**WORK ITEM**: Any picture in the data below gets skipped; print all the rest exactly.

**GIVEN DATA**:
=== Section Start ===

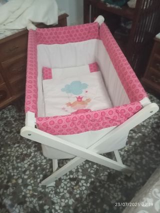 Se vende mini cuna / moisés. Incluye bastidor de madera con ruedas, cesta y revestimiento de tela azul, con colchoncito y almohada. Medida 85 de largo y 55 de ancho. Se entrega en mano en Albacete o Alicante capital.
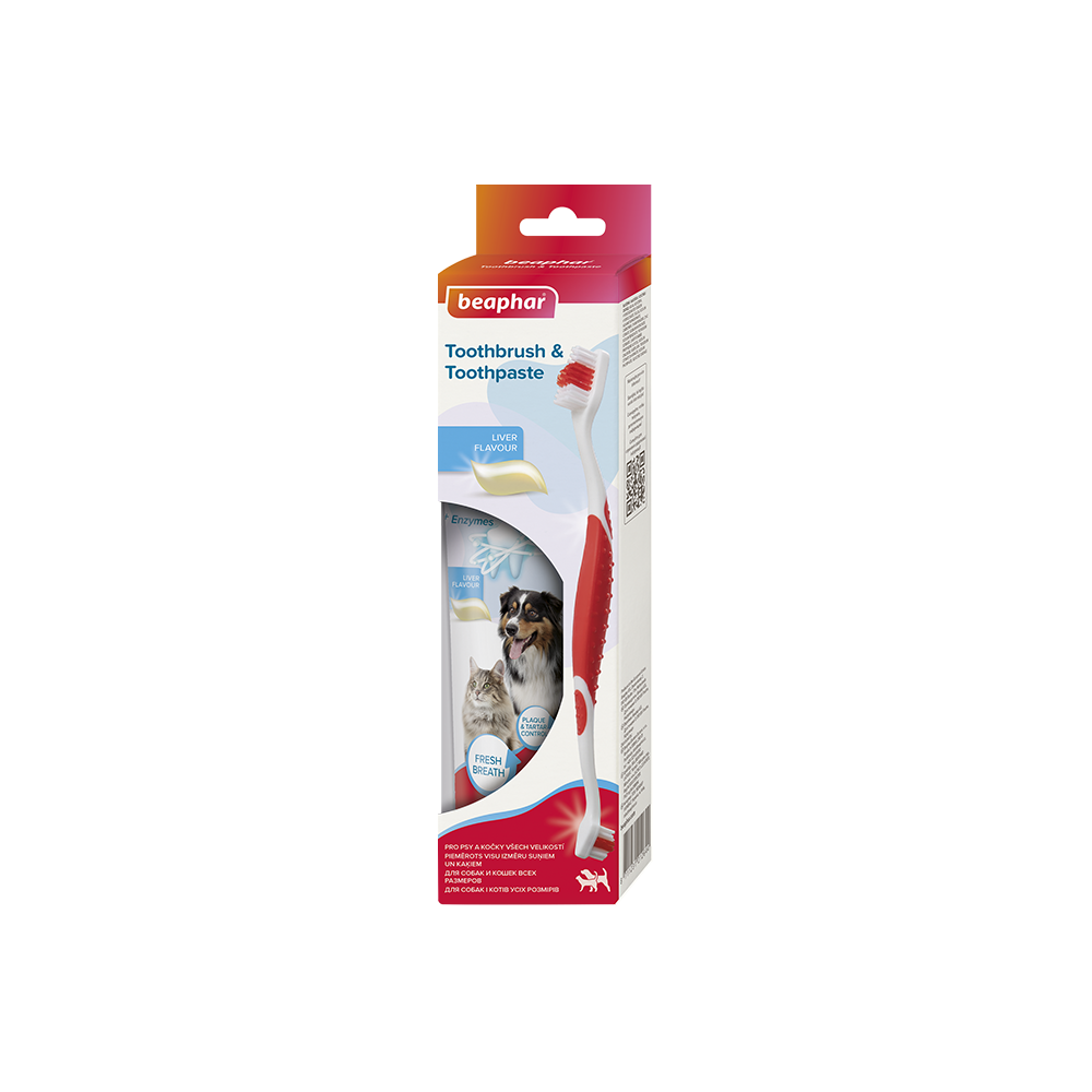 კბილის ჯაგრისი და პასტა ძაღლისთვის და კატისთვის Beaphar Tooth Brush and paste 100 გრ
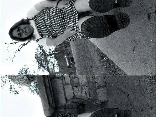 Nurse vicki models in her ebony and whot hogwarts outfit and spiked boots

=== Section End ===

**TASK RESPONSE**:
 Se vende mini cuna / moisés. Incluye bastidor de madera con ruedas, cesta y revestimiento de tela azul, con colchoncito y almohada. Medida 85 de largo y 55 de ancho. Se entrega en mano en Albacete o Alicante capital.
 კბილის ჯაგრისი და პასტა ძაღლისთვის და კატისთვის Beaphar Tooth Brush and paste 100 გრ
 Nurse vicki models in her ebony and whot hogwarts outfit and spiked boots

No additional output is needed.